# Listed records
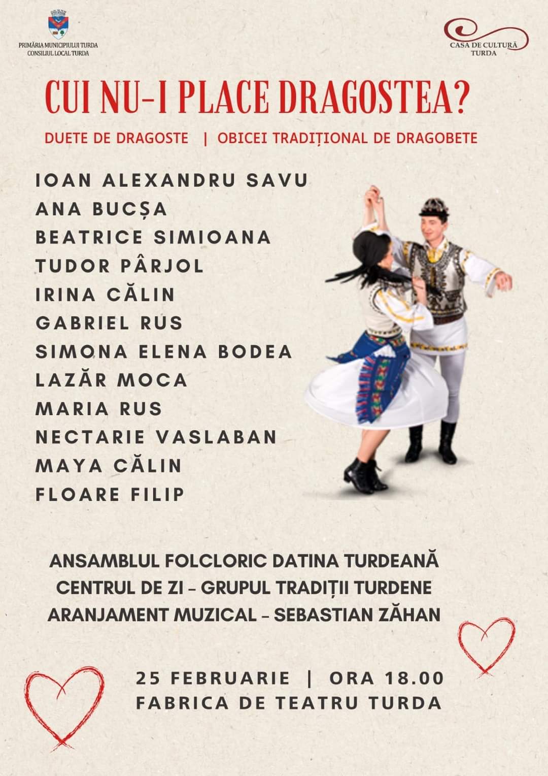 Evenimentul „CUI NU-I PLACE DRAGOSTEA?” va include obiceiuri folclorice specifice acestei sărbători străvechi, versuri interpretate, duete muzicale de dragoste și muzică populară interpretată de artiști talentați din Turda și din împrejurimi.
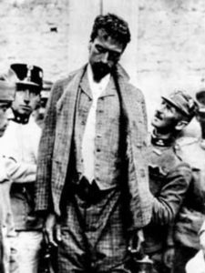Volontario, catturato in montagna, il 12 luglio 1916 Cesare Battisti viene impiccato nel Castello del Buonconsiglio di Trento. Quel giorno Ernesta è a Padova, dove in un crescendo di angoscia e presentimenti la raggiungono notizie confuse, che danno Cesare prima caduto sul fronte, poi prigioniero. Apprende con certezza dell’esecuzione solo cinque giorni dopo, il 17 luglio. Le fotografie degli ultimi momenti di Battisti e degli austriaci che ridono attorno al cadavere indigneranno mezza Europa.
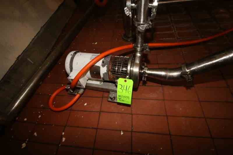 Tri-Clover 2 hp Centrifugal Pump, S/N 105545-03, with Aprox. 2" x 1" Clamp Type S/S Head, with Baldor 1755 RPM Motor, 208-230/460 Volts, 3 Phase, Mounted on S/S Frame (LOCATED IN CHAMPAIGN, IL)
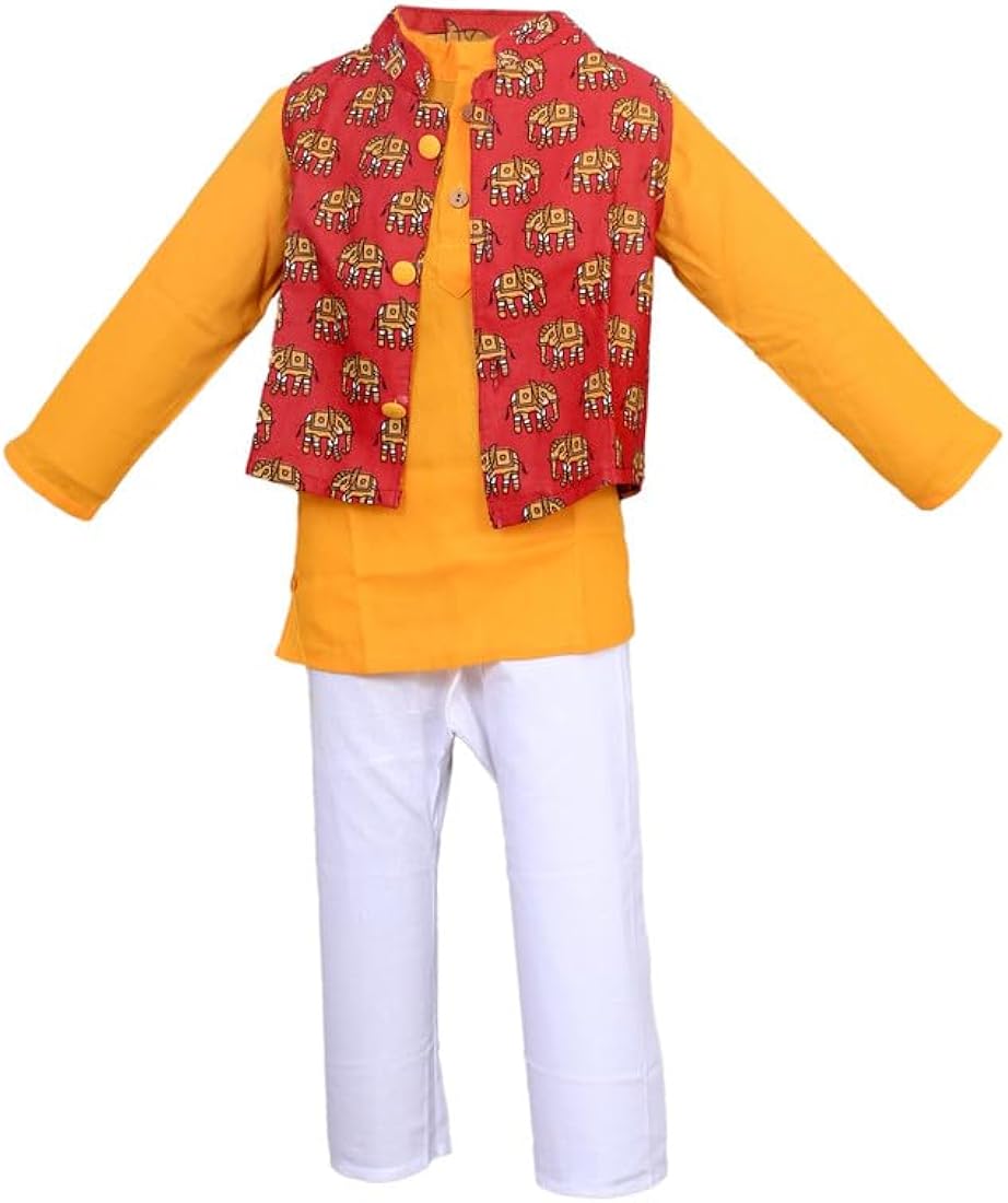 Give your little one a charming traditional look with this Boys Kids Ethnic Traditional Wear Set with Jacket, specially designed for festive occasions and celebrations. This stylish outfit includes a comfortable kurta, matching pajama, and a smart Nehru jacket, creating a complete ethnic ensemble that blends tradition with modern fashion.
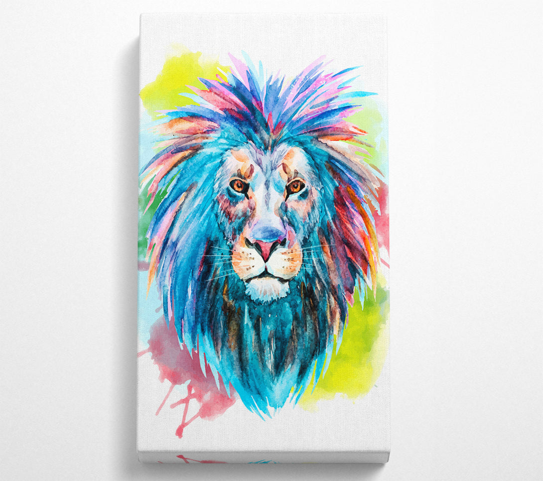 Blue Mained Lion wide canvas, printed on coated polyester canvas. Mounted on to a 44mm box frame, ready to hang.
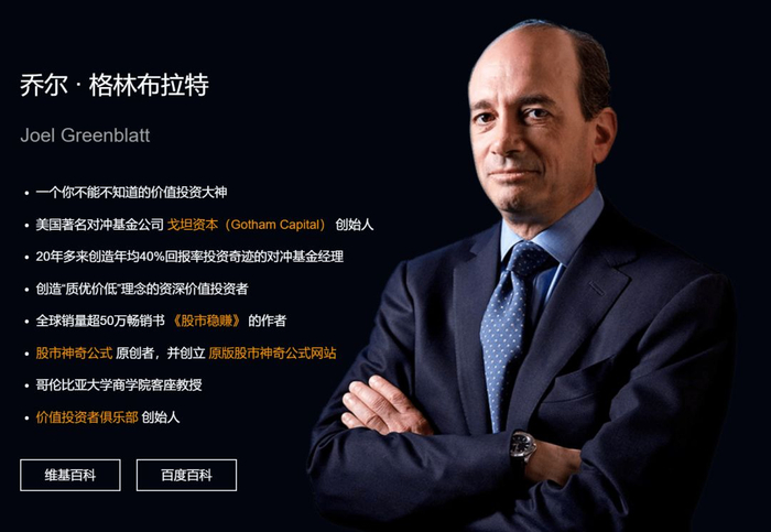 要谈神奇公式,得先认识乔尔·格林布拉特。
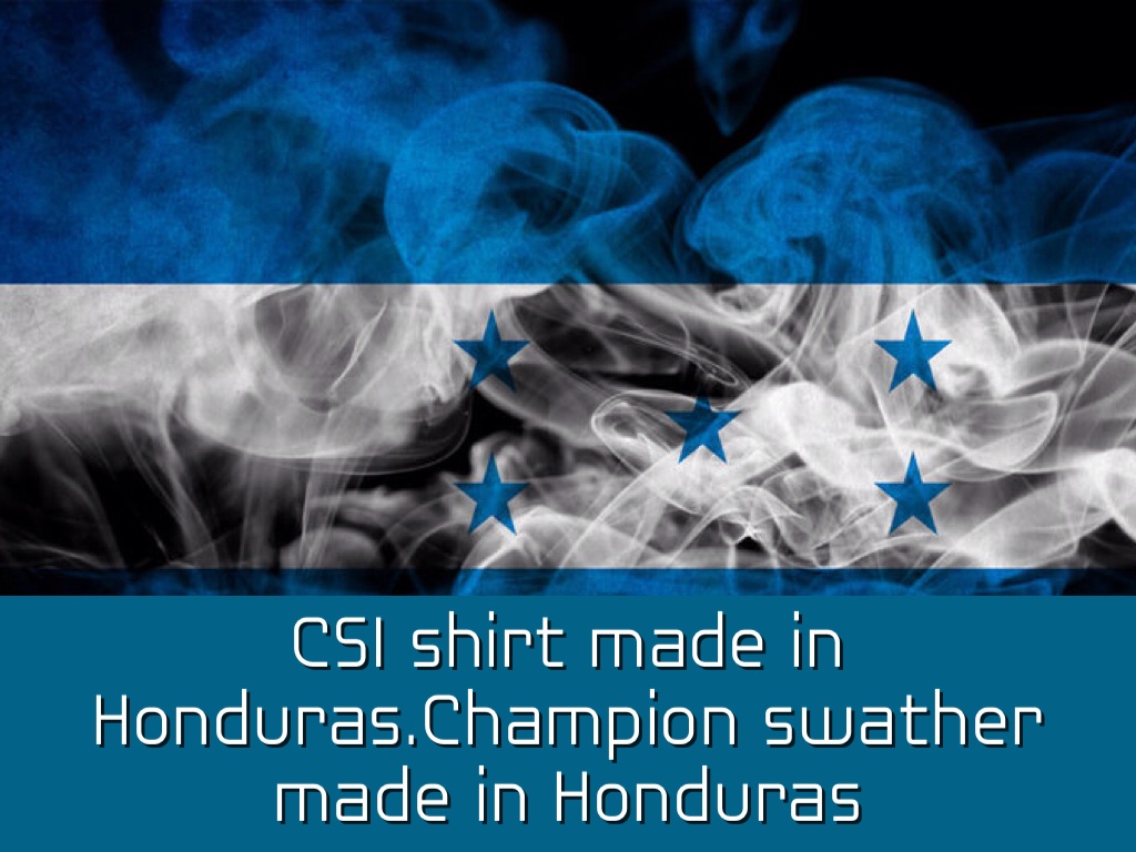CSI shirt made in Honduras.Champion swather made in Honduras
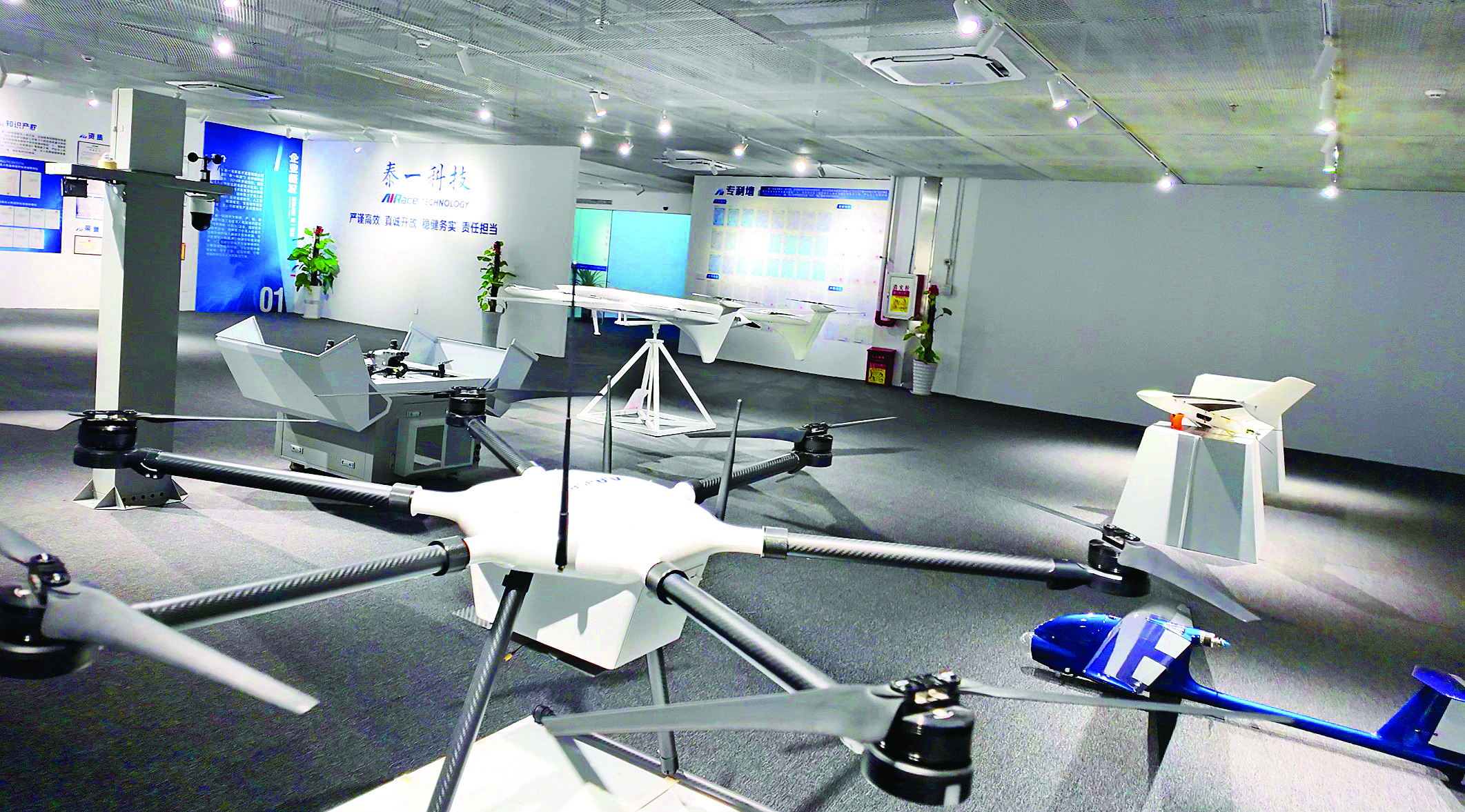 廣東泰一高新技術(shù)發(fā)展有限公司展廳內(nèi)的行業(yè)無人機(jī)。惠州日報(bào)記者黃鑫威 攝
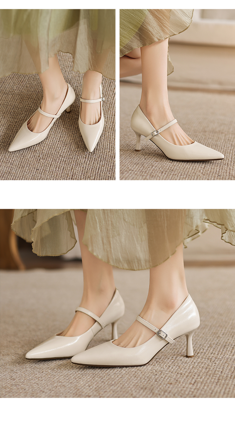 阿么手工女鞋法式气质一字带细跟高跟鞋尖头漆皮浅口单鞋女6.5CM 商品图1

# What the exercise asks
Pictures stay out; repeat all the rest of the records exactly.

# Output below
 Evenimentul „CUI NU-I PLACE DRAGOSTEA?” va include obiceiuri folclorice specifice acestei sărbători străvechi, versuri interpretate, duete muzicale de dragoste și muzică populară interpretată de artiști talentați din Turda și din împrejurimi.
Volontario, catturato in montagna, il 12 luglio 1916 Cesare Battisti viene impiccato nel Castello del Buonconsiglio di Trento. Quel giorno Ernesta è a Padova, dove in un crescendo di angoscia e presentimenti la raggiungono notizie confuse, che danno Cesare prima caduto sul fronte, poi prigioniero. Apprende con certezza dell’esecuzione solo cinque giorni dopo, il 17 luglio. Le fotografie degli ultimi momenti di Battisti e degli austriaci che ridono attorno al cadavere indigneranno mezza Europa.
 Tri-Clover 2 hp Centrifugal Pump, S/N 105545-03, with Aprox. 2" x 1" Clamp Type S/S Head, with Baldor 1755 RPM Motor, 208-230/460 Volts, 3 Phase, Mounted on S/S Frame (LOCATED IN CHAMPAIGN, IL)
 Give your little one a charming traditional look with this Boys Kids Ethnic Traditional Wear Set with Jacket, specially designed for festive occasions and celebrations. This stylish outfit includes a comfortable kurta, matching pajama, and a smart Nehru jacket, creating a complete ethnic ensemble that blends tradition with modern fashion.
 Blue Mained Lion wide canvas, printed on coated polyester canvas. Mounted on to a 44mm box frame, ready to hang.
 要谈神奇公式,得先认识乔尔·格林布拉特。
CSI shirt made in Honduras.Champion swather made in Honduras
 廣東泰一高新技術(shù)發(fā)展有限公司展廳內(nèi)的行業(yè)無人機(jī)。惠州日報(bào)記者黃鑫威 攝
 阿么手工女鞋法式气质一字带细跟高跟鞋尖头漆皮浅口单鞋女6.5CM 商品图1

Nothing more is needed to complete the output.